» Study material:
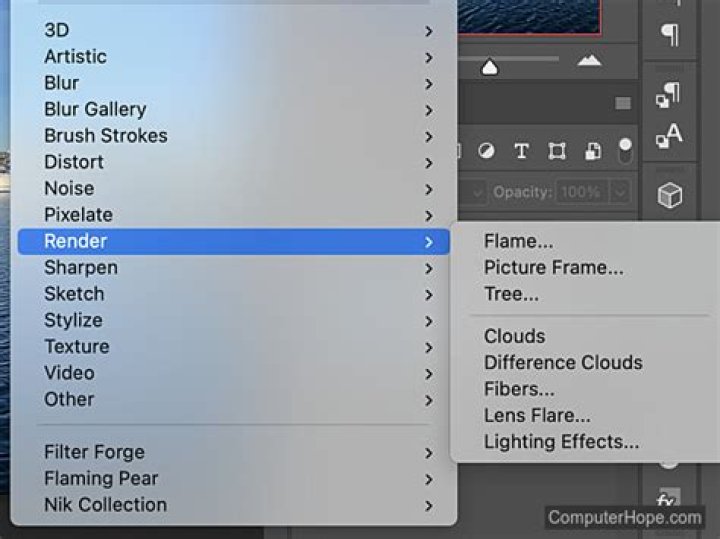 Click “Filter” then “Render” on the Photoshop main menu. You will see five different options—3D transformation, two different cloud effects, lens flare (a light in the middle of the picture), and lighting effects. In some versions you may also have a “fiber” effect that will make the image look like woven fibers.Which filter is best in Photoshop?
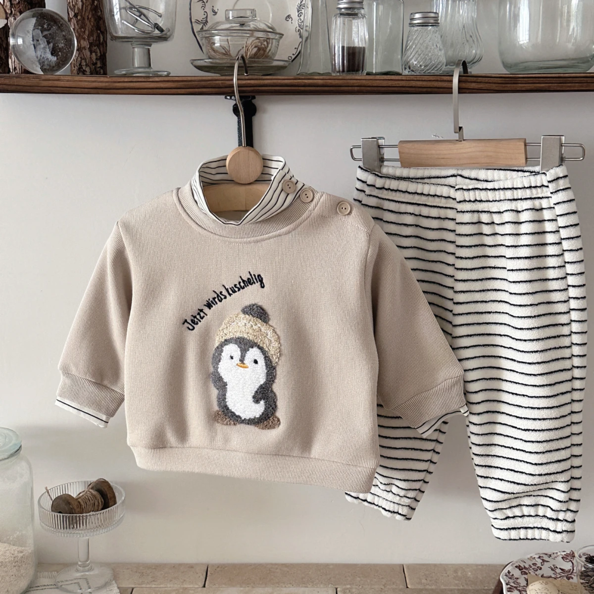 Size 12-18M length: 36cm Chest circumference: 70cm Waist:41cm Pants length: 46cm Hip circumference: 70cm Suitable for 12-18 months
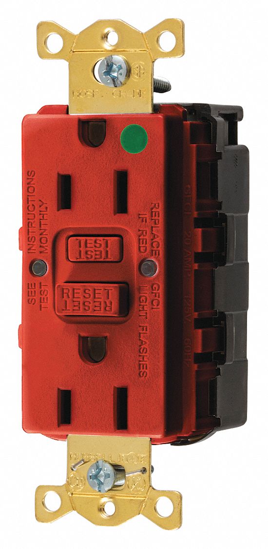 - <b>Price For:</b> Each <b>Outlet Type - Plugs and Receptacles</b>: Decorator Duplex <b>NEMA Configuration</b>: 5-15R <b>Application Environment</b>: Heavy Use Hospital Grade <b>Weather Resistant</b>: No <b>Color</b>: Red <b>Item - Plugs and Receptacles</b>: Receptacle <b>Item</b>: GFCI Receptacle <b>Special Features</b>: Ground Fault Indicator <b>Voltage</b>: 125VAC <b>Voltage - Plugs and Receptacles</b>: 125VAC <b>Number of Poles</b>: 2 <b>Surge Suppression</b>: No
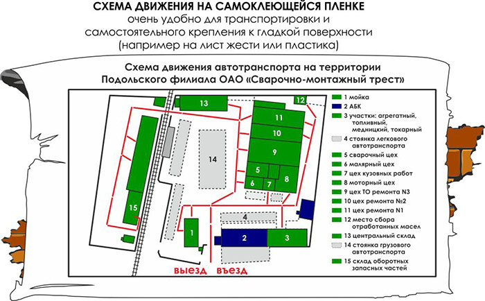 Схема движения автотранспорта (3000х1500 мм, самоклеящаяся плёнка) в Кызыле купить
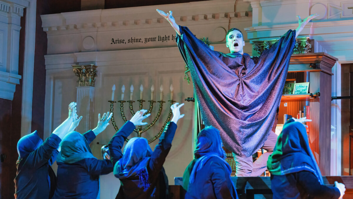 Charm was also the watchword of the performances, which were strong across the board, from the seven, beautifully blended treble voices in the chorus, to soprano Chelsea Helm’s warm, radiant Belinda to bass-baritone Hans Tashjian’s vivacious Sorceress. Tashjian played the Sorceress in drag, flanked by witches played by Cecilia McKinley and Kayleigh Sprouse—the only schoolgirl figures who sang principal roles. These witches were appealingly campy, if at times a little excessively hammy. McKinley in particular distinguished herself, with her strong, commanding contralto voice never, as Sprouse’s soprano occasionally did, becoming warped by the campiness of the sorceress schtick.
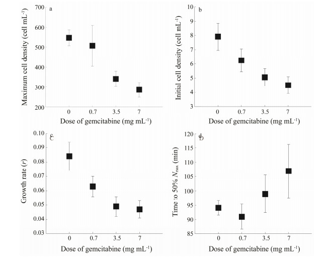 Fig. 3 Effects of gemcitabine on the maximum cell density (a), initial cell density (b), growth rate (c), and the time to 50% maximum cell density (d) of Eulpotes vannus. |
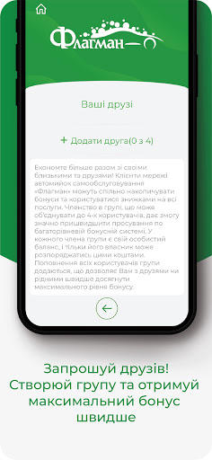 3) Користуйтесь програмою лояльності разом з друзями. Використавши функцію додати друга, запросіть своїх близьких та створіть групу з ними. Досягайте та користуйтесь максимальним гривневим бонусом спільно.
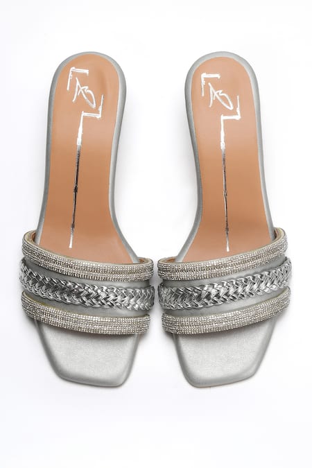 Silver block heels featuring Swarovski embellishments and a braided pattern
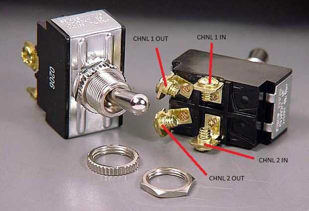 En foto 2 puede ver la parte trasera de un interruptor de 2PST de gran calidad. Usé esto sólo con fines ilustrativos ya que es un poco más fácil ver los contactos pero no necesitas algo tan grande para nuestro proyecto. El cableado es bastante recta hacia adelante. Puede interrumpir un cable a cada altavoz interno y ejecuta a través del interruptor.

» Exercise description: Using the data above, transcribe exactly the lines between those containing "- <b>Price For:</b>" and "Схема движения автотранспорта", inclusive, and leave every picture behind.

» Expected answer:
 - <b>Price For:</b> Each <b>Outlet Type - Plugs and Receptacles</b>: Decorator Duplex <b>NEMA Configuration</b>: 5-15R <b>Application Environment</b>: Heavy Use Hospital Grade <b>Weather Resistant</b>: No <b>Color</b>: Red <b>Item - Plugs and Receptacles</b>: Receptacle <b>Item</b>: GFCI Receptacle <b>Special Features</b>: Ground Fault Indicator <b>Voltage</b>: 125VAC <b>Voltage - Plugs and Receptacles</b>: 125VAC <b>Number of Poles</b>: 2 <b>Surge Suppression</b>: No
 Схема движения автотранспорта (3000х1500 мм, самоклеящаяся плёнка) в Кызыле купить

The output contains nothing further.